A website, Global Rich List, includes a calculator to determine one’s wealth compared to every person on earth. All that’s needed is one’s annual income in the search box; country of residence; and with one click your wealth position appears. By a global standard, I’m rich. By this same standard, we’re all rich. Globally, we are the upper 1% of the wealthy in the world.
For a moment, however, let’s move in reverse to thirty years ago following my seminary graduation. I had no inheritance, savings, and my sole income was the monthly check from the first congregation I served. Student loans from seminary were a saddle weighing $13,000, which at the time loomed like a mountain. The Plymouth Volare I drove had an odometer reading of 117,000 miles. The shocking truth of my first income as a pastor is that even then I was in the top 5% of the wealthiest people in the world.

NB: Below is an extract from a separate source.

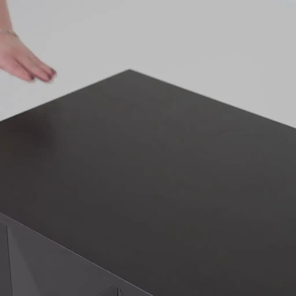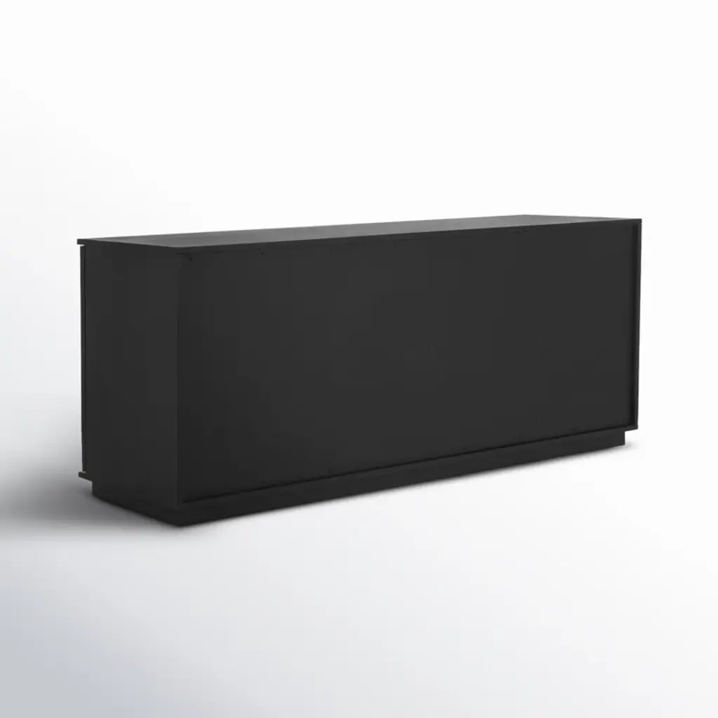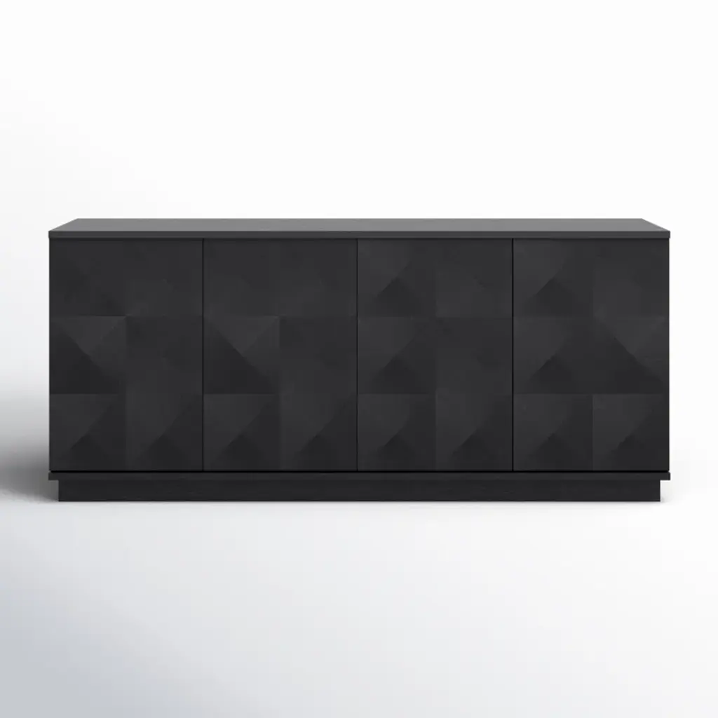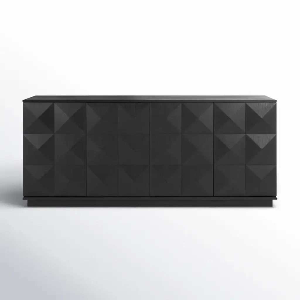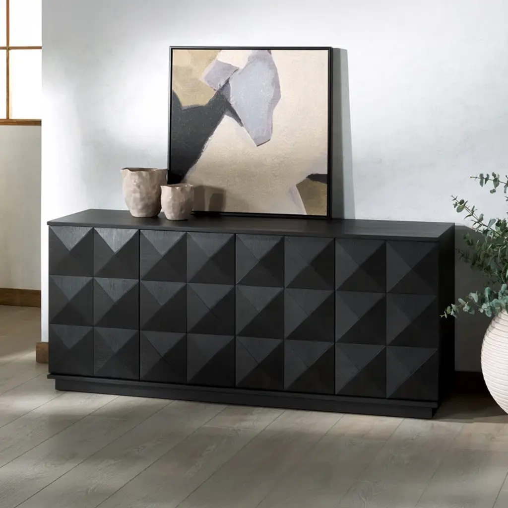 This sideboard is a striking addition to your living room or hallway, with its contemporary black finish and cubism-inspired geometric details. Constructed from kiln-dried oak and engineered wood, it has four cabinet doors and interior shelves for ample storage. The dovetail joinery adds sleek stability, while the finished back allows for versatile placement. Use the interior to store and organize your dishes or linens, and the top surface for displaying a fun lamp, vase, and accent piece.

When the Plymouth finally ‘gave up its ghost’ and I needed a new car, I remember making a big production of it in church. I should have kept quiet because the local bank turned me down for a loan. I lacked a credit rating to please the bank. Number-crunching actuaries deemed me a risk. The bank would loan money only if my parents co-signed the agreement. I politely informed the bank I would find a car without the help of ‘mommy and daddy’.
Enter stage right the Aid Association for Lutherans (AAL), at the time a Midwest fraternal organization that included a credit union. John Strider was the AAL district representative nearest to my church. I phoned him on the day of the bank’s loan denial. He came immediately to meet me and the following morning a check from the AAL Member Credit Union was in my mailbox by overnight mail. On the afternoon of that day, I drove home from a Cumberland, Maryland dealership in a new car. AAL later merged with Lutheran Brotherhood to become Thrivent Financial. I’ve kept John Strider’s business card and the AAL loan document in my files to this day, remembering his kindness in facilitating a first step into adult life.
The Bible verse at the top of the page directs our thoughts and actions to the 99% of the world’s population living below us in wealth. The verse instructs us to become a ‘John Strider’ in the ways we can. Take time to read in this newsletter of the Lenten Project in our church. We are gathering items for the homeless and poor. On March 17, we will share a meal with the poor. Opportunities abound to share gratitude to God, who makes no distinctions among the world’s population. God loves everyone with an equal, eternal love and invites us to do the same. Jesus gave his life for 100% of the world. Let’s join Jesus by doing what we can to facilitate first steps. I remember John Strider. How nice to be remembered! How will others remember our lives? Lent is a time to think about this question and Jesus’ steps to the cross.